From the entries below, copy out all lines holding "people".

----------

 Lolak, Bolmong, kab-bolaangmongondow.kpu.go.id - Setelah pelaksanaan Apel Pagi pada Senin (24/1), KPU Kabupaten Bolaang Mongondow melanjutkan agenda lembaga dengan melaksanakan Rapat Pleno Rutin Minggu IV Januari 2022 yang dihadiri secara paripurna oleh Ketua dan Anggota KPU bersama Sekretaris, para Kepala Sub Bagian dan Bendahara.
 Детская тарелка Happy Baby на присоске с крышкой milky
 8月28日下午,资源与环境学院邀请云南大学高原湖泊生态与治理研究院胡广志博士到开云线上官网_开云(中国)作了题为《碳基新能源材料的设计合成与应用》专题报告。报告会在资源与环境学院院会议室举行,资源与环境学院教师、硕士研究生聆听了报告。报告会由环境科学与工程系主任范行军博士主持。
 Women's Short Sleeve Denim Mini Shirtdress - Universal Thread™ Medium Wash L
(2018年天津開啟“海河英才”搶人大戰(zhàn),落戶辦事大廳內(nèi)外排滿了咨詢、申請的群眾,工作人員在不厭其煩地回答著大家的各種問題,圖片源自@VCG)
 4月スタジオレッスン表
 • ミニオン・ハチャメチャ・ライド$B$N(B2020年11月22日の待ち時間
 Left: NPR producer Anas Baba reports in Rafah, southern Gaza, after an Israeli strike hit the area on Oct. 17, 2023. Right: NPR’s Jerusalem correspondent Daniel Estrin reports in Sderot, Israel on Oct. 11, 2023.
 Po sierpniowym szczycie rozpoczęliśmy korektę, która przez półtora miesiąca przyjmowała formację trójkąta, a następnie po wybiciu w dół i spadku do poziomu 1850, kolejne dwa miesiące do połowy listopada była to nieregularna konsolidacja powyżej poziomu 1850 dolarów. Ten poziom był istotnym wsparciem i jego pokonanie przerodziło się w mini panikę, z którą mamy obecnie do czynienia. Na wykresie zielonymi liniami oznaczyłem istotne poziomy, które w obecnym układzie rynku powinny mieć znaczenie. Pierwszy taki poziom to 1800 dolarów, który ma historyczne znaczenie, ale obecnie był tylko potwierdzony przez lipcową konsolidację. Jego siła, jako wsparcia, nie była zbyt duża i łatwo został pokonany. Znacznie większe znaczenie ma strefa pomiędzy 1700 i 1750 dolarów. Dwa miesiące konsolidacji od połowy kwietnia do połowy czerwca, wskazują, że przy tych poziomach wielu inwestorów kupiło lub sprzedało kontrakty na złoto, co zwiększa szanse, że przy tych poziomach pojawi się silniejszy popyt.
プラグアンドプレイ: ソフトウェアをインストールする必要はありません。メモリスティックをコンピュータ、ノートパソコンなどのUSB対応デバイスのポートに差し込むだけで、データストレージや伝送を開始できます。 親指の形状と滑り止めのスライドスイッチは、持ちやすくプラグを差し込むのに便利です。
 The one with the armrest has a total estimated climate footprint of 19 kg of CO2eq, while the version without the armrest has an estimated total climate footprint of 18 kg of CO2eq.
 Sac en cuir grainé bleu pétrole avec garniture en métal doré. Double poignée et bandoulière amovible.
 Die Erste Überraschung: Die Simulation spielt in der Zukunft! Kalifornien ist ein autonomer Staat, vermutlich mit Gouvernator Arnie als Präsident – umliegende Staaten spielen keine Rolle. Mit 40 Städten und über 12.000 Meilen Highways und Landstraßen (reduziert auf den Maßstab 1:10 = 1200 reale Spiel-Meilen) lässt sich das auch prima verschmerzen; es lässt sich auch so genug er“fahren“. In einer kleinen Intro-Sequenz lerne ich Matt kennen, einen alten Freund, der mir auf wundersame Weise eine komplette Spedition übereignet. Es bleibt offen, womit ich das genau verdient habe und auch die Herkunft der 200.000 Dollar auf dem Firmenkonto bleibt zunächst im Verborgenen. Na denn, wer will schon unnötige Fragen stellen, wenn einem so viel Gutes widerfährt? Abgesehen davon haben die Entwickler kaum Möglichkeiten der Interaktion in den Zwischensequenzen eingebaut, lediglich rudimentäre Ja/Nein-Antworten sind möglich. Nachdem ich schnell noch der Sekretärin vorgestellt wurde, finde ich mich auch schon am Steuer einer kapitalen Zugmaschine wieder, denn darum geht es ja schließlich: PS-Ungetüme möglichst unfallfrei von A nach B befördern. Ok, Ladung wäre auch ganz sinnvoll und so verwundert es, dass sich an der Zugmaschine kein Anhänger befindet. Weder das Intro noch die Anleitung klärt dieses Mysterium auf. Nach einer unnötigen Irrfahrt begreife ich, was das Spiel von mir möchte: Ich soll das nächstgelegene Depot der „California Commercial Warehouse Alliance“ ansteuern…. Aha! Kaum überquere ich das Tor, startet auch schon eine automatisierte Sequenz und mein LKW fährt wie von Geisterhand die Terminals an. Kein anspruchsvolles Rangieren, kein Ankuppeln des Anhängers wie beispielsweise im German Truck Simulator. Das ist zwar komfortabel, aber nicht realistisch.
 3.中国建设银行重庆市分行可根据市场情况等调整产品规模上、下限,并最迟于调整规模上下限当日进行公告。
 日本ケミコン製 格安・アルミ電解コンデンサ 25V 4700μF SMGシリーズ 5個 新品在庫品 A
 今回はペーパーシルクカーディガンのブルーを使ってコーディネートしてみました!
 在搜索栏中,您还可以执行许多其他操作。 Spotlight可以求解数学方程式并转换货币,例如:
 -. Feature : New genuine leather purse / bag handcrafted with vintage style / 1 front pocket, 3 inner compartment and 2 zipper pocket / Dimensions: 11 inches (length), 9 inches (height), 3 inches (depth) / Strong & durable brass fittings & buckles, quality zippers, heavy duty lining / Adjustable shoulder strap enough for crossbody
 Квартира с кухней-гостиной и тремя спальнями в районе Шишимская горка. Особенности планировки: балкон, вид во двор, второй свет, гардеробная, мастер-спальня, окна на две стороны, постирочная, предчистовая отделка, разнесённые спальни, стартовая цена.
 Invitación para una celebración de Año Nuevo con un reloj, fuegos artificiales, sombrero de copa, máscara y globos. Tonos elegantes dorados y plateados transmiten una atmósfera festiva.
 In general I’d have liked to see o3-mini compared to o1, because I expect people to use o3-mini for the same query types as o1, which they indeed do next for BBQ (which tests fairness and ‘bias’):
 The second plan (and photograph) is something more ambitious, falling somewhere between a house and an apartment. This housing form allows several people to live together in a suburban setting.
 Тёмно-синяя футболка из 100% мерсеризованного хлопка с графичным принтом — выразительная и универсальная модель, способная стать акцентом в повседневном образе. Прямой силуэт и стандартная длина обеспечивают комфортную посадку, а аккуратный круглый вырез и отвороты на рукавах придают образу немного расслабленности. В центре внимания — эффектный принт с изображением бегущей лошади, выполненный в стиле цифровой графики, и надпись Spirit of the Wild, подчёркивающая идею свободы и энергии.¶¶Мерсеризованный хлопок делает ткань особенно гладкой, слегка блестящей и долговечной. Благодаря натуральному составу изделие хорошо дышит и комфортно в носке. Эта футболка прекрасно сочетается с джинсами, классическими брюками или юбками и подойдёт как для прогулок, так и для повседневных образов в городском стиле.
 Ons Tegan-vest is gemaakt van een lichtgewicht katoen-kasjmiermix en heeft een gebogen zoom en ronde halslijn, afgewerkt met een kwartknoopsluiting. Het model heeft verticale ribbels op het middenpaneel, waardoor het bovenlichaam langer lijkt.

----------

→ **RESULT FOR THIS EXERCISE**
 In general I’d have liked to see o3-mini compared to o1, because I expect people to use o3-mini for the same query types as o1, which they indeed do next for BBQ (which tests fairness and ‘bias’):
 The second plan (and photograph) is something more ambitious, falling somewhere between a house and an apartment. This housing form allows several people to live together in a suburban setting.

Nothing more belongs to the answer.